Once upon a time, I was a young girl creature who went faithfully to Sunday school each week. I climbed on the bus wearing a pretty dress, the week's Bible verses dutifully memorized, and eagerly anticipated singing hymns and making macaroni crafts in the Sunday school class taught by my aunt. My parents didn't force me to go. I wanted to go because I liked Sunday school. I liked the Sunday school teachers, liked the pretty stained glass windows in the church, liked riding on the bus my uncle drove. And I liked believing, liked having faith as much as a child of 6 or 7 can understand the concept of faith.
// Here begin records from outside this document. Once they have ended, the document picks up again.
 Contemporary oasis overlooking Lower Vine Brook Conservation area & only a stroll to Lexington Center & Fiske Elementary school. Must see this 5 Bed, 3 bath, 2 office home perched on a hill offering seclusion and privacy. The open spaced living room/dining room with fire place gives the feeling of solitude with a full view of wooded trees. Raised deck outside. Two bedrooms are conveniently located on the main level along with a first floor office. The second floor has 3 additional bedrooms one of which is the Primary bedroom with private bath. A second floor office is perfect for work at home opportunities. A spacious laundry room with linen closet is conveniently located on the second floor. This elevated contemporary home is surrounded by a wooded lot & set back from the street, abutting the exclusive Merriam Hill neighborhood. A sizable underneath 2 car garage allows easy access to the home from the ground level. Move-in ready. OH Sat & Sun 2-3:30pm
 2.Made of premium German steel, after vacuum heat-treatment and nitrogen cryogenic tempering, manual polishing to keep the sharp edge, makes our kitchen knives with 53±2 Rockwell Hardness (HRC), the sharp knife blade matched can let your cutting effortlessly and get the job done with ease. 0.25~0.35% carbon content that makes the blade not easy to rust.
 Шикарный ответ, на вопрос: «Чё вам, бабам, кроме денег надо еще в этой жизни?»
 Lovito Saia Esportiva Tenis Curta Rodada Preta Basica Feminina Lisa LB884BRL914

I grew older and my family moved to a different part of the city, so I stopped going to church with my aunt and uncle. But I sought new experiences of my own, went to church with my friends. I seem to recall I even tried vacation Bible school once. But none of the new ones really stuck, and I was becoming more sophisticated and more cynical about religion as I realized the only reason most kids got on the bus was because the driver passed out free candy.
I had always been a bit odd anyway. I was never quite devout to any particular Christian doctrine, having attended churches Apostolic, Pentecostal, Baptist and I can't really remember what other denominations, but there must have been others. I was Christian as a child and adolescent because that's the religion I was exposed to, but I recall telling one of my Sunday school teachers back in the day that I thought the various gods people worshiped and all of the different religions were really all the same. I have a vague recollection of an expression of shock.
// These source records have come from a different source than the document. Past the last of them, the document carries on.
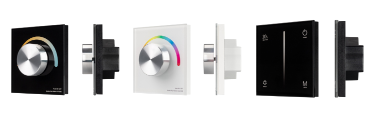 Новинки представлены роторными и сенсорными панелями для управления светодиодными лентами DIM, MIX и RGB.
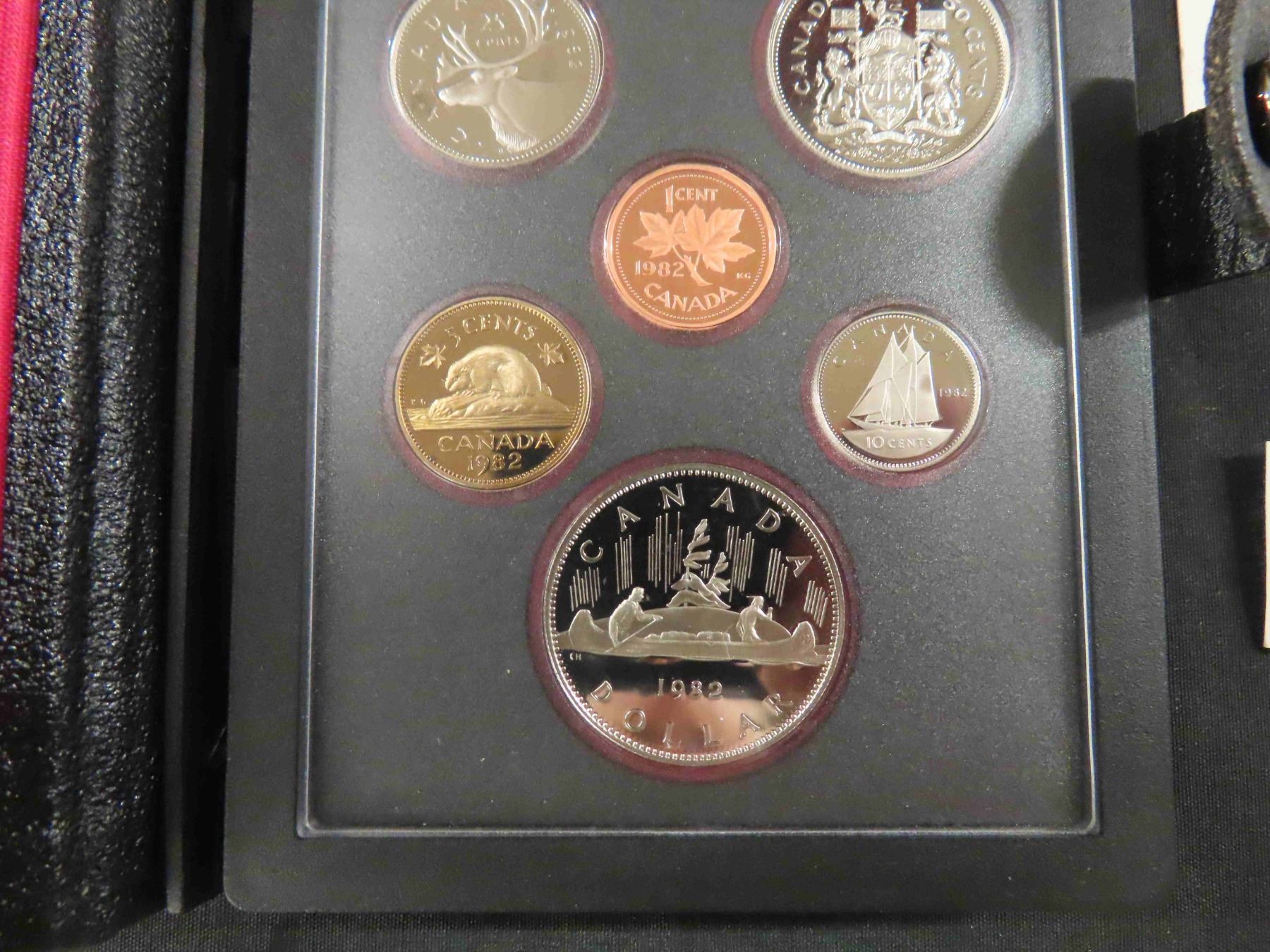 1982 Canada Uncirculated Double Stack Coin Set in Leather Case with Extra Silver Dollar Coin Royal Canadian Mint
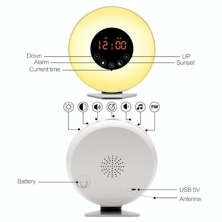 7. High imitation of sunrise, gentle light, not dazzling, colorful light conversion or manual selection of their favorite lighting color

Somewhere along the way, I could no longer see any logical reason why someone would choose one religion over another. None of them seemed any more right or wrong than any other.
In 8th grade, I learned the words "agnostic" and "atheist" for the first time. They were on a spelling test. By then, it had been a couple of years since I'd been to church, and something about those words seemed to fit. By high school, I had lost interest in religion altogether and embraced my identity as a nonbeliever, but some part of me missed having faith.
At age 19, I read St. Augustine's Confessions
for a college course. A year or two later I read Mahfouz's The Beggar
. Both nagged at something in my soul that wanted the comfort of belief.
After college, I tried church again with a friend who invited me to her non-denominational church, The Vineyard. It was one of those megachurches with a coffee house and dance ministry and a "Christian contemporary" band, and no stained glass anywhere to be seen. It just didn't speak to me. I sat there with my friend, watching people with their hands raised to the heavens and dancing to the music, and I waited to feel something. Anything. But nothing came. I concluded that Christianity was no longer for me.
But that nagging never really went away.
I came close to feeling something like faith once about three years ago. I had to cover an event at a church -- a choir of young African orphans singing cheerfully about how their lives had changed through God. It was the people who almost inspired me to go back. They were open, accepting, friendly. For a few moments, I thought it was a place I might be loved. But I never went back.
I've tried other forms of religion or spirituality. My inner feminist tends to like the goddess-based religions a little better than most, and the compassionate part of me finds certain tenets of Buddhism appealing. Again, nothing ever really stuck.
But now I'm having a life crisis (Again? Still?) and discovering that what I thought was depression is really malnourishment. I'm starving in my heart and soul and, try as I might, I can find nothing to fill the emptiness. I've tried food, shopping, relationships -- all were illusory balms. So my thoughts have turned once again to religion. Perhaps spiritualism would be a better word for it, since I don't think I'll ever be able to embrace organized religion the way I did as a child. I've changed too much for that.
I also think that religion is, in fact, an illusion to which we cling to repel darkness and pain from our lives. I don't believe god is a real entity hovering out there in heaven or space. But I do believe there may be a divine spirit emanating from humanity, dwelling within us, if we can tap into it. So, perhaps delving back into religion, or spirit, is illusory, but no less so than the human relationships I've looked to for comfort that I haven't found.
Anyway, when I came across this book on the clearance rack at Hastings, I thought reading a poet's interpretation of the stories of the Bible -- distilling them down to their essence and, I hope, stripping them of the bits that are so maliciously twisted in service of hate and oppression -- might spark something.
I do know that any god I could ever embrace has to be one of compassion, tolerance and love, not wrath, hate and spite.